Actually, citation context can provide direct information about an instance of citation. Researchers did not use these citation contexts directly to retrieve literature, but use these citation contexts to improve the traditional retrieval systems. One of the most important reasons is that it is very hard to collect all the citation contexts of the retrieved literatures. In the past, information regarding citation context was not readily accessible due to the lack of full text of citing papers. Researchers often had to extract the necessary information through a manual process. For example, O’Connor (O’ Connor 1982, 1983) extracted single words from citation contexts. Small (1986) extracted concepts from citation contexts to name a cluster of a co-citation network. In recent years, full text literatures are more accessible. PubMed Central provides full text documents in XML format. In this paper we will introduce the design of a literature retrieval system based on all full text documents in PubMed Central.

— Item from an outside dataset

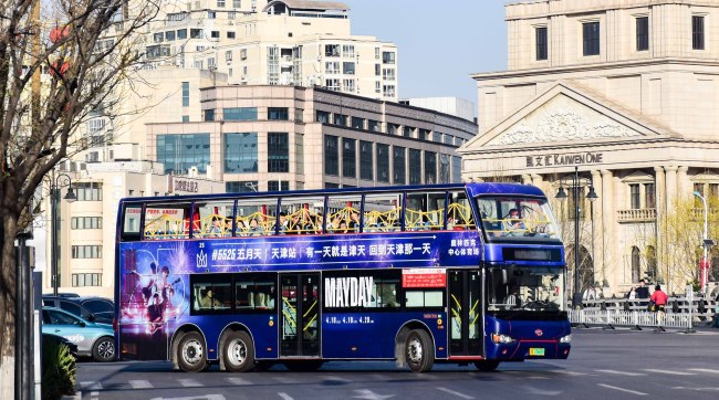 天津雙層觀光車身外車貼巴士廣告投放,天津公交車廣告價格

We design two modules for the retrieval system. One is the reference retrieval module based on citation context. In this module, the system can be used to recommend relevant literatures to users. Another is the citation context retrieval module for searching the citation contexts of a specific paper. This module facilitates users to analyze citation contexts to further understanding the retrieved literatures. We expect that this system could help researchers find the needed documents more quickly and accurately.

Related work

Citation context analysis

The citation context analysis includes the application of the citation position and citation content.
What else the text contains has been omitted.